Using the –cpu-bind argument to mpiexec, MPI ranks and threads can be assigned to run on specific logical processors on the CPUs. For more information about the flags to mpiexec, see Running MPI+OpenMP Applications. Four examples of using mpiexec are given below to show how the cpu-bind=depth, cpu-bind=list, --depth arguments affect where MPI ranks and OpenMP threads are mapped.

Example 1: 2 nodes, 4 ranks/node, 1 thread/rank

mpiexec -n 8 -ppn 4 --depth 1 --cpu-bind=depth <app> <app_args>
  • The -n 8 argument says to use 8 MPI ranks in total and -ppn 4 places 4 ranks per node.
  • The --depth 1 argument says to use 1 logical processor for each MPI rank.
  • The --cpu-bind depth argument says to spread out the ranks in a round robin manner across the logical processors, first putting one rank on the first logical processor of one physical core, and then looping back to put a second one on the second logical processor. This is done such that there's N logical processors for each MPI rank, where N is the value from the --depth argument (so it's 1 in this case).

This is the same as

mpiexec -n 8 -ppn 4 --cpu-bind=list:0:1:2:3 <app> <app_args>
  • The --cpu-bind list argument explicitly lists which logical processor to bind to per node. Each MPI rank is bound to the logical processors that are listed between :. So here, rank 0 to logical processor 0, rank 1 to logical processor 1, etc.

Resulting mapping

MPI ranks 0,1,2,3,4,5,6,7 map to logical processors 0,1,2,3 on each of the two nodes. Assuming the job was allocated on node 0 and node 1:

  • MPI rank 0 → node 0, logical processor 0

  • MPI rank 1 → node 0, logical processor 1

  • MPI rank 2 → node 0, logical processor 2

  • MPI rank 3 → node 0, logical processor 3

  • MPI rank 4 → node 1, logical processor 0

  • MPI rank 5 → node 1, logical processor 1

  • MPI rank 6 → node 1, logical processor 2

  • MPI rank 7 → node 1, logical processor 3

The figure below shows the mapping, where the different colors are different MPI ranks.

Example1

Example 1 Mapping

Example 2: 2 nodes, 2 ranks/node, 2 thread/rank

OMP_PLACES=threads OMP_NUM_THREADS=2 mpiexec -n 4 -ppn 2 --depth 2 --cpu-bind=depth <app> <app_args>
  • The -n 4 argument says to use 4 MPI ranks in total and -ppn 2 places 2 ranks per node.
  • The --depth 2 argument says to use 2 logical processor for each MPI rank.
  • The --cpu-bind depth argument says to spread out the ranks in a round robin manner across the logical processors, first putting one rank on the first logical processor of one physical core, and then looping back to put a second one on the second logical processor.
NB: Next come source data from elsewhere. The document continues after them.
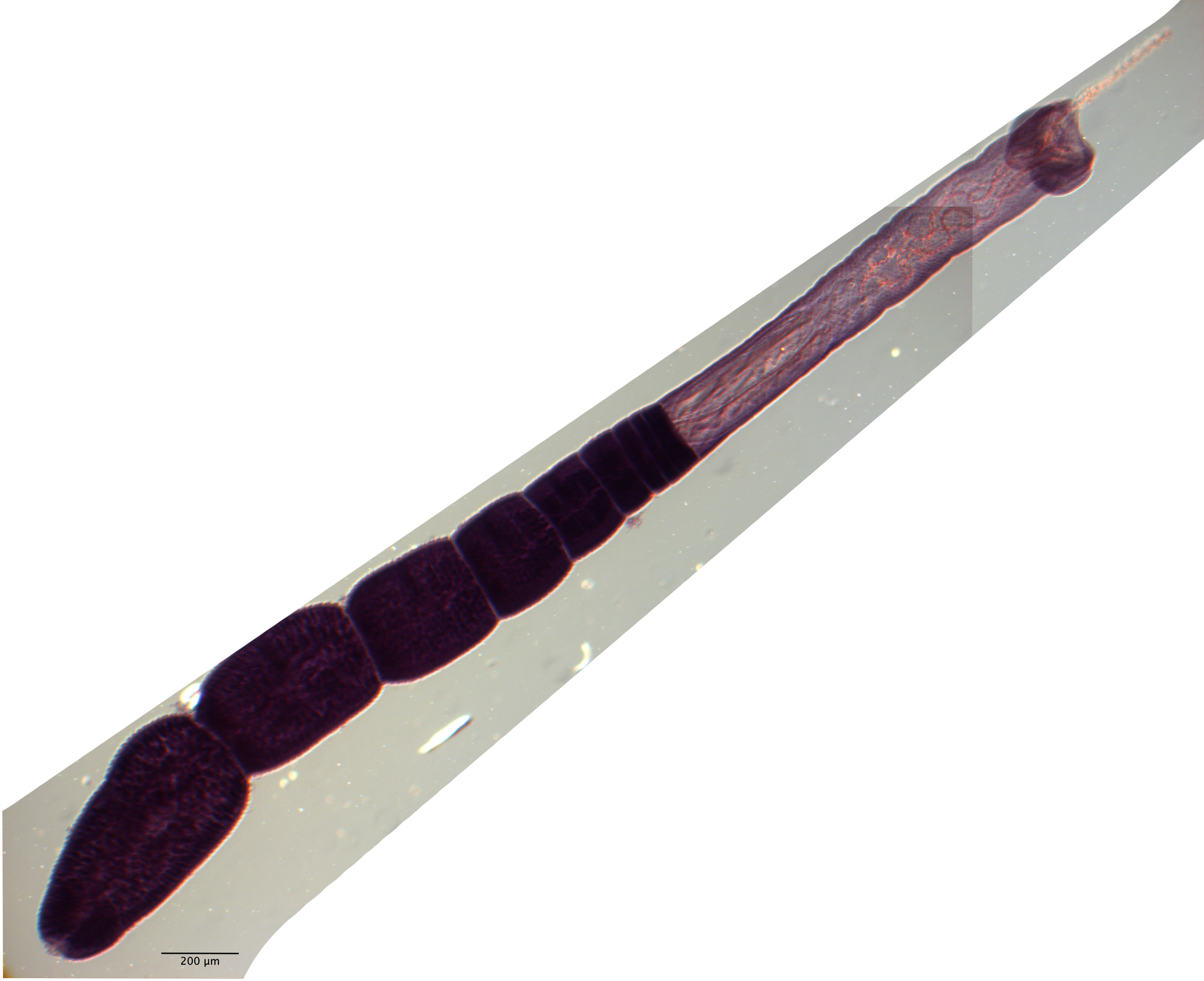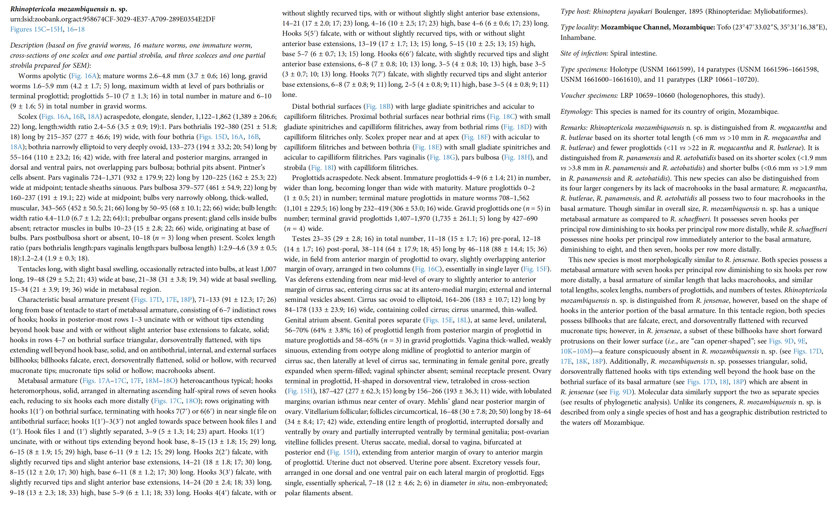 | Total Number of Type Specimens | based on five gravid worms, 16 mature worms, one immature worm, cross-sections of one scolex and one partial strobila, and three scoleces and one partial strobila prepared for SEM |
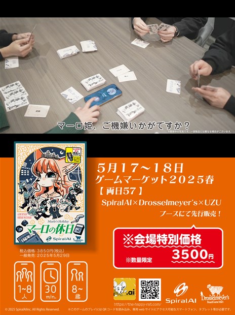 『マーロの休日』は、2025年5月17日(土)・18日(日)にゲームマーケット2025春にて、数量限定で先行販売予定だ。【両日57】SpiralAl × Drosselmeyer’s × UZUブースにて、会場特別価格 3,500円(税込)でお求めいただける。イベントの詳細は、ゲームマーケット公式サイト(https://gamemarket.jp/)をご確認ください。
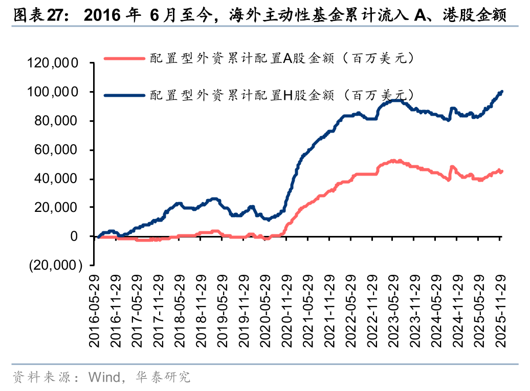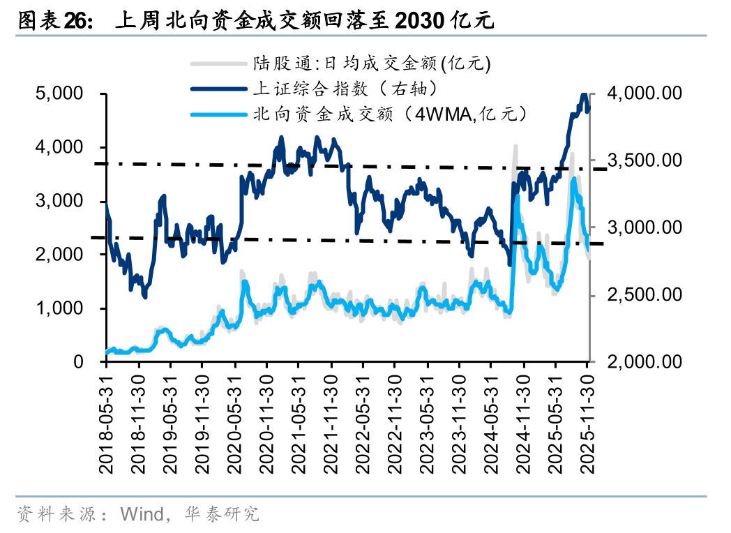 上周北向资金日均交易额回落至2030亿元。以EPFR统计的配置型外资中,12月10日-12月17日,配置型外资净流入18.2亿元,其中主动配置型外资持续流出2.3亿元,被动配置型外资净流入20.5亿元。
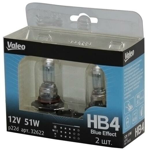 Лампа 12v Hb4 51w Valeo Blue Effect 2 Шт. Duobox 032 622 Valeo арт. 032 622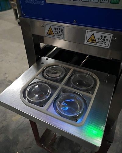 This cup sealer machine is automatic computer control with PLC dispaly panel. The customer just need to put the plastic cups into the mold and press on the open button to start.

This is done such that there's N logical processors for each MPI rank, where N is the value from the --depth argument (so it's 2 in this case).
  • OMP_NUM_THREADS=2 launches two threads per MPI rank
  • OMP_PLACES=threads says to bind the OpenMP threads to logical processors

This is the same as

OMP_PLACES=threads OMP_NUM_THREADS=2 mpiexec -n 4 -ppn 2 --cpu-bind=list:0,1:2,3 <app> <app_args>
  • The --cpu-bind list argument explicitly lists which logical processor to bind to. Each MPI rank is bound to the logical processors that are listed between :. Between :, the logical processors to bind to are listed in a comma-separated manner. So here, rank 0 is bound to logical processors 0 and 1, rank 2 to logical processors 2 and 3. OMP_PLACES=threads then binds the specific threads to the logical processors in the list.

Resulting mapping

Assuming the job was allocated on node 0 and node 1:

  • MPI rank 0, OpenMP thread 0 → node 0, logical processor 0

  • MPI rank 0, OpenMP thread 1 → node 0, logical processor 1

  • MPI rank 1, OpenMP thread 0 → node 0, logical processor 2

  • MPI rank 1, OpenMP thread 1 → node 0, logical processor 3

  • MPI rank 2, OpenMP thread 0 → node 1, logical processor 0

  • MPI rank 2, OpenMP thread 1 → node 1, logical processor 1

  • MPI rank 3, OpenMP thread 0 → node 1, logical processor 2

  • MPI rank 3, OpenMP thread 1 → node 1, logical processor 3

The figure below shows the mapping, where the different colors are different MPI ranks.

Example2

Example 2 Mapping

Example 3: 2 nodes, 2 ranks/node, 1 thread/rank, compact fashion

mpiexec -n 4 -ppn 2 --cpu-bind=list:0:104 <app> <app_args>
  • The --cpu-bind list argument explicitly lists which logical processor to bind to per node. Each MPI rank is bound to the logical processors that are listed between :. So here, rank 0 to logical processor 0, rank 1 to logical processor 104, which share the same physical core.

Resulting mapping

Assuming the job was allocated on node 0 and node 1:

  • MPI rank 0 → node 0, logical processor 0

  • MPI rank 1 → node 0, logical processor 104

  • MPI rank 2 → node 1, logical processor 0

  • MPI rank 3 → node 1, logical processor 104

The figure below shows the mapping, where the different colors are different MPI ranks.

Example3

Example 3 Mapping

Example 4: 1 node, 12 ranks/node

This setup is a common case for applications: 12 ranks/node, where each rank will offload to one of the 12 GPU tiles. Note that explicit list binding is needed here to avoid binding a MPI rank to a logical processor on different socket than the GPU it might be targetting (as would happen if cpu_bind=depth was used). 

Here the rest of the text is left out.